February Internal Vascular Series: Abdominal Aortic Aneurysms

Last month, readers may have read the story about Barbara Unger, a Tucson woman who narrowly escaped a life-threatening situation due to a serendipitous screening.

Unger was diagnosed with an abdominal aortic aneurysm, also known as an AAA to vascular surgeons and their patients.  AAA’s account for nearly 15,000 deaths each year, and they are the 13th leading cause of death in the United States. 

In an AAA, the wall of the aorta, the main artery that carries blood from the heart, permanently balloons out in a patient’s abdomen due to the pressure of blood passing through.  If it ruptures, the results can be catastrophic.

Who’s at risk? 

Dr. Luis Leon,Agave Surgical

Dr. Luis Leon,
Agave Surgical

“The condition typically affects Caucasian men who have smoked, and have high blood pressure.  Women, African Americans and diabetics tend to have a lower risk, but AAA’s tend to rupture more often in women than men, perhaps because of the smaller size of a woman’s arteries,” said Dr. Luis Leon of Agave Surgical. 

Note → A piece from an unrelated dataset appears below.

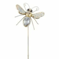 - Charming small bee garden stake is made of iron and measures 10.75×2.75×37 inches.
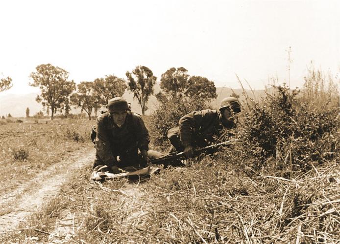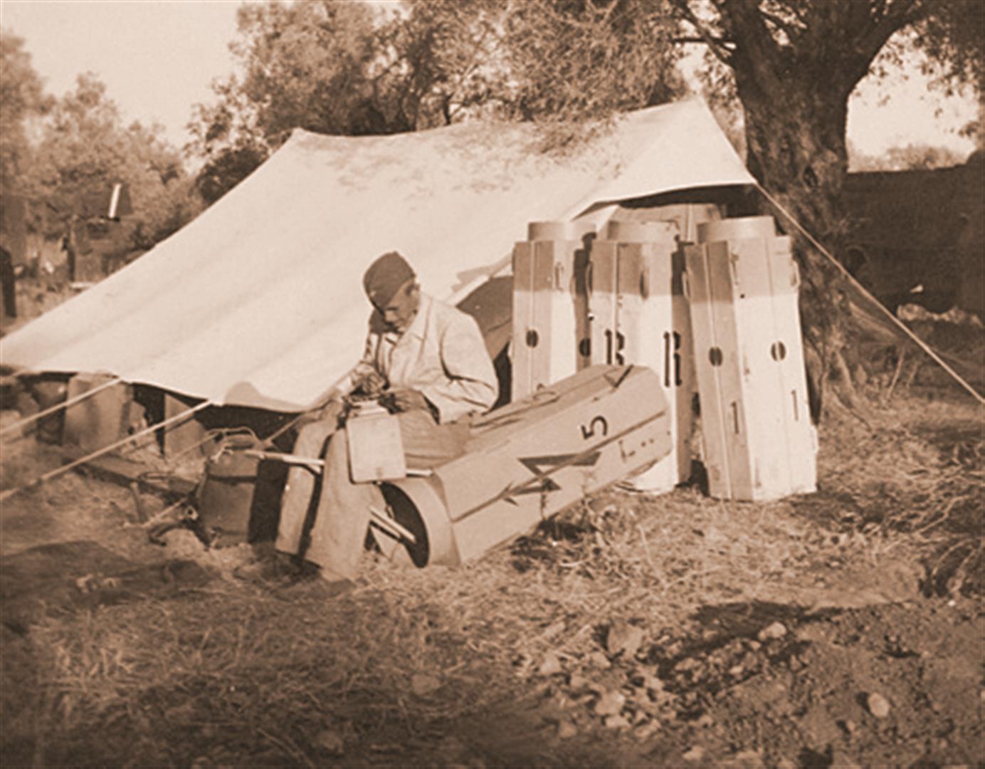 - Αλεξιπτωτιστής χειρίζεται πολυβόλο. Δίπλα στον τρίποδα διακρίνεται μια φωτ. μηχανή Voigtlander στη θήκη της.

Repairing AAA’s through open surgery was developed in the 1950s, but required at least a week-long hospital stay.  The minimally-invasive technique that has since been developed requires surgeons to make just a small incision in the patient’s groin. 

“With this approach, the patient can go home the next day. Overall, there is less blood loss, and complications are dramatically reduced,” explained Dr. Leon.

There are ongoing advancements in the vascular field, and a renewed emphasis on screening since AAA’s often don’t present any symptoms.  “Most people come into the hospital with acute back pain.  Unfortunately at that point the aneurysm has ruptured,” Dr. Leon said. 

Current guidelines advise men who are between 35 and 65 years old and have a history of smoking to get an ultrasound of their belly.  “It’s painless, it’s inexpensive, and it takes five minutes.  These people need to get their aortas checked,” stressed Dr. Leon.  “If an aneurysm measures between three and five centimeters, the patient should be checked every six months to a year in order to ensure it doesn’t reach a critical size.  Aneurysms that measure five centimeters or larger generally should be considered for repair.”

In an effort to keep health care professionals informed about advancements in treatment options in the vascular field, Tucson Medical Center supports a monthly series dedicated to vascular disease.  For February, Dr. Leon spoke about state-of-the-art therapy for AAA’s to physicians, nurses and ultrasound technologists.

TMC’s internal vascular series serves a valuable role in keeping clinical staff aware of the latest techniques and devices available to treat vascular problems.  It improves care by building on what TMC staff already knows about caring for these patients.  With a greater understanding of what these patients are going through, they’re able to provide even higher quality compassionate care.